Он пробежал дальше, выглянул из-за угла — никого. Еще одна перебежка — на улице пыль, дым. Увидев выскочившего боевика, он несколько раз выстрелил из винтовки от бедра и все таки снял его. Потом — бросился к машине, крича «friendly!».
— Быстрее! Быстрее!
Пикап был большим для этих мест — но недостаточно большим для целой группы заложников. Делайла отвечала за своих людей до конца — она повела своих людей через проделанный взрывчаткой пролом, приказала лезть в машину. Кто заартачился — наградила парой пинков. Ее жестокость и грубость была как раз кстати — люди, которые шли в ООН храбростью не отличались и подчинялись силе…

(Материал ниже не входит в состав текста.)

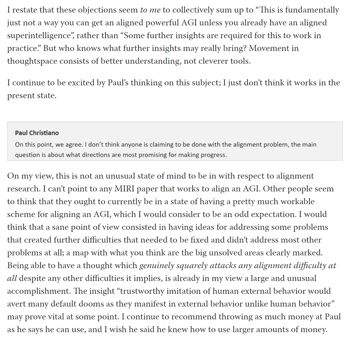 Like, yes, point taken, this feels like a bizarre situation to be in. And I agree with lesswrong.com/posts/uFNgRumr… that there are sane ways to slow progress to some degree, which are worth pursuing alongside alignment work and other ideas to cause the long-term future to go well.
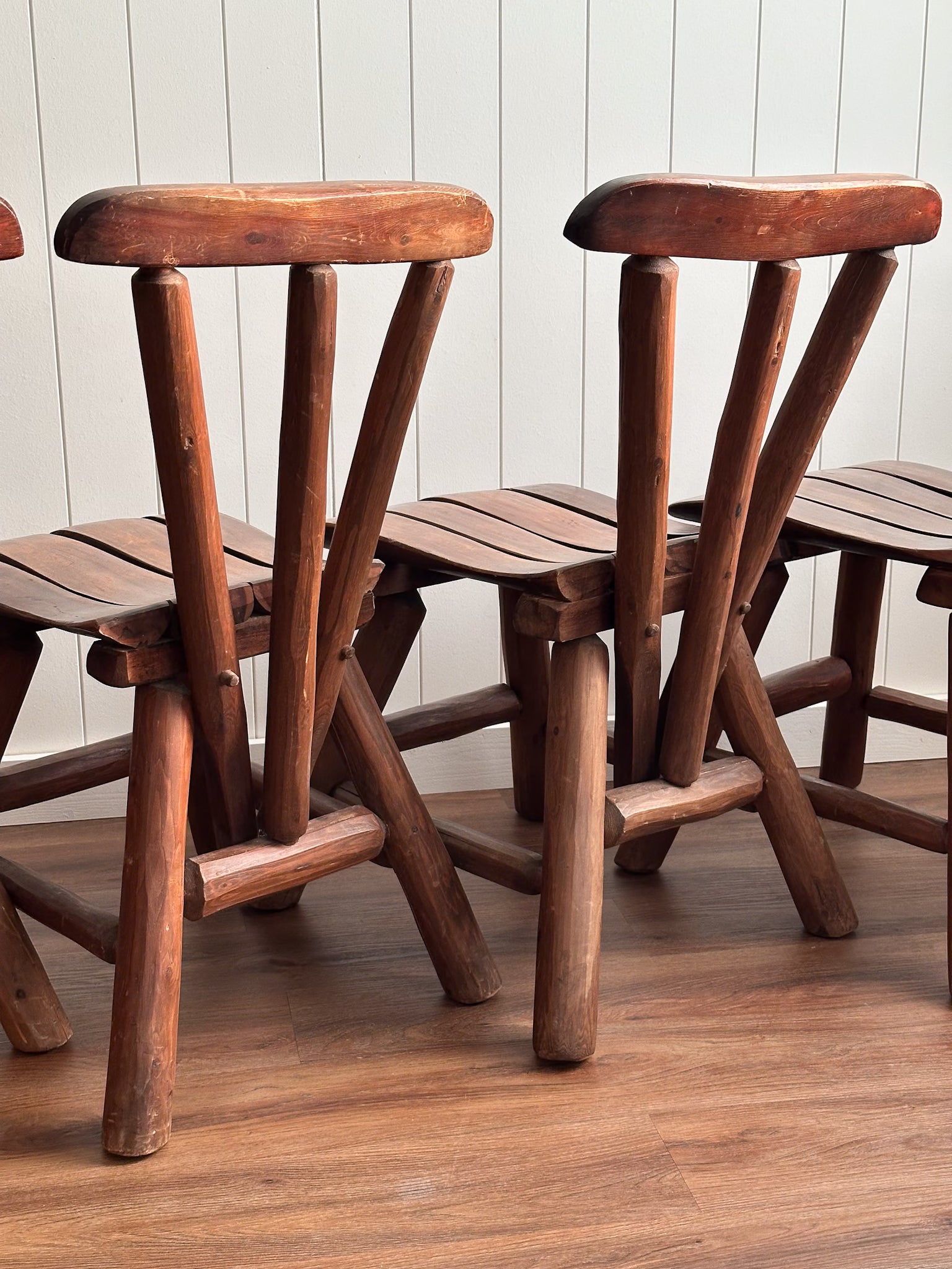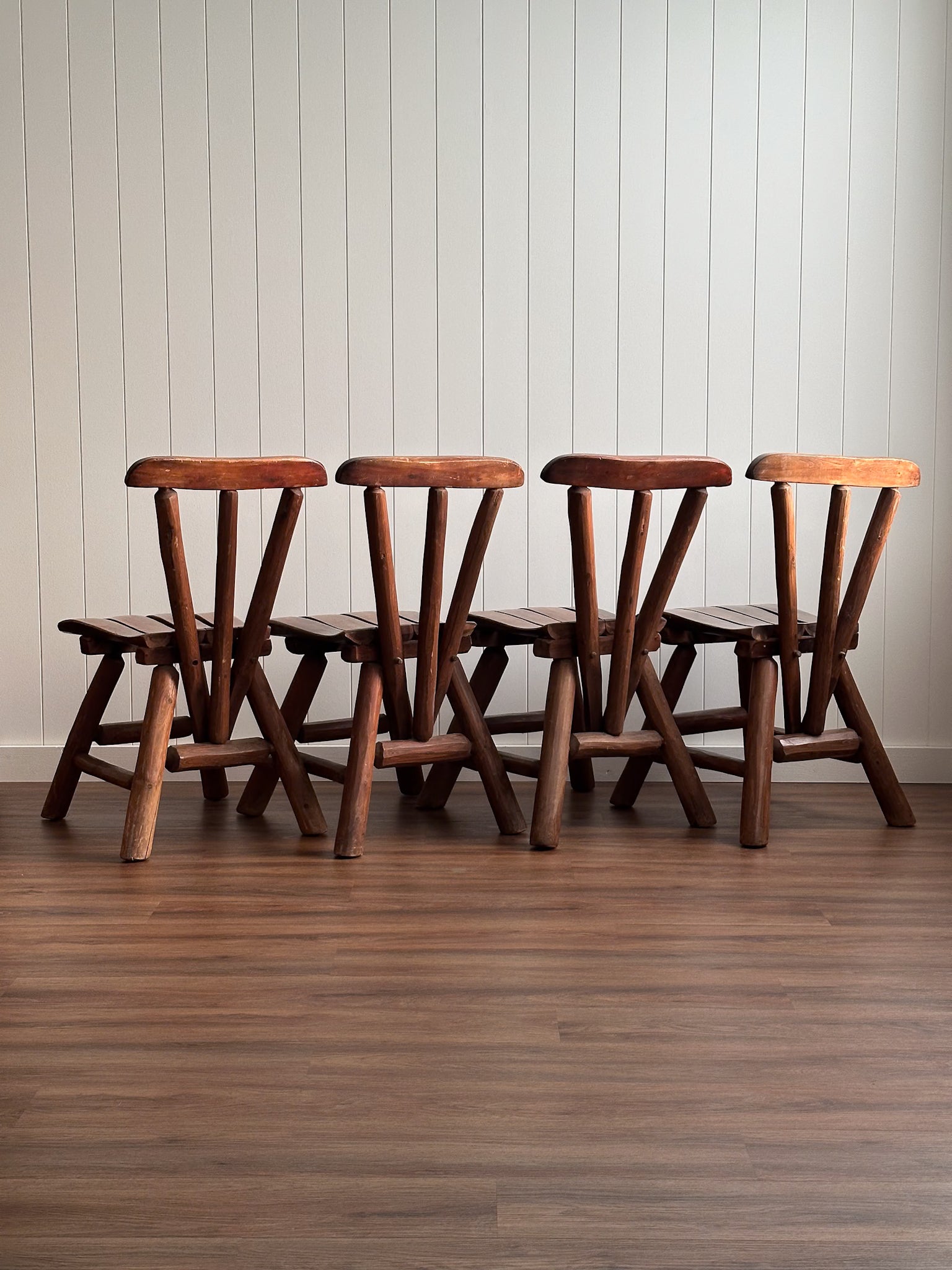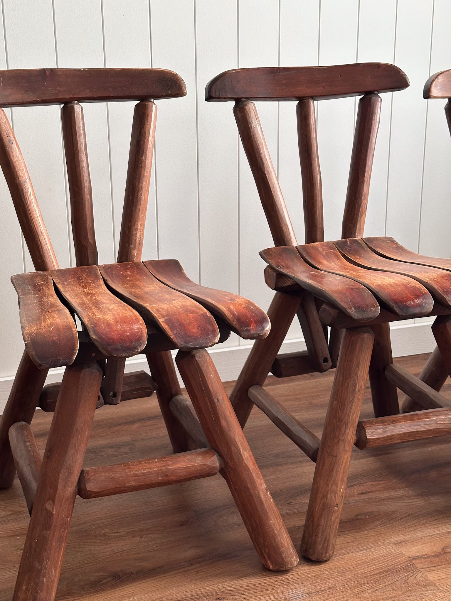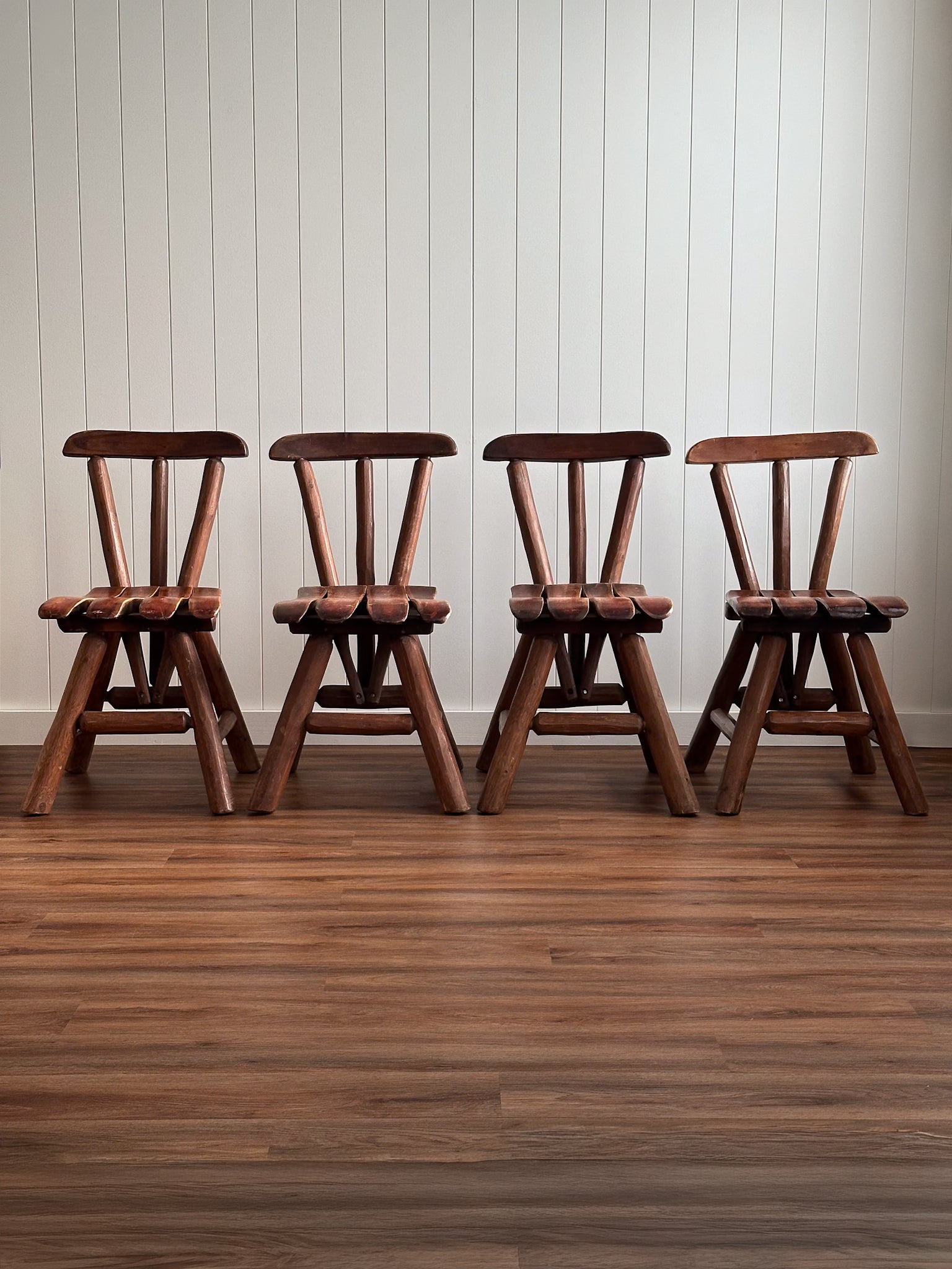 1960s Vintage Brutalist Wabi-Sabi Wood Dining Chairs, Set of Four

Потом — она хлопнула одного из спасателей, простреливавшего улицу по плечу — и тот понял. Погрузка завершена.
— Иди в машину!
— Где отец?
— В машину сказал!
Делайла повернулась — и увидела бегущего отца с винтовкой…
— Давай в машину! Быстро!
— Отец!
— В машину сказал!
Она подчинилась.
— Отходим! Птенцы в гнезде!
— Откуда это у тебя?!
— Нашла…
— Молодец…
Один из спасателей ввалился на место водителя.
— Сейчас резко — направо! Как скажу!
— Сэр, это не та дорога!
— Делай, что говорю!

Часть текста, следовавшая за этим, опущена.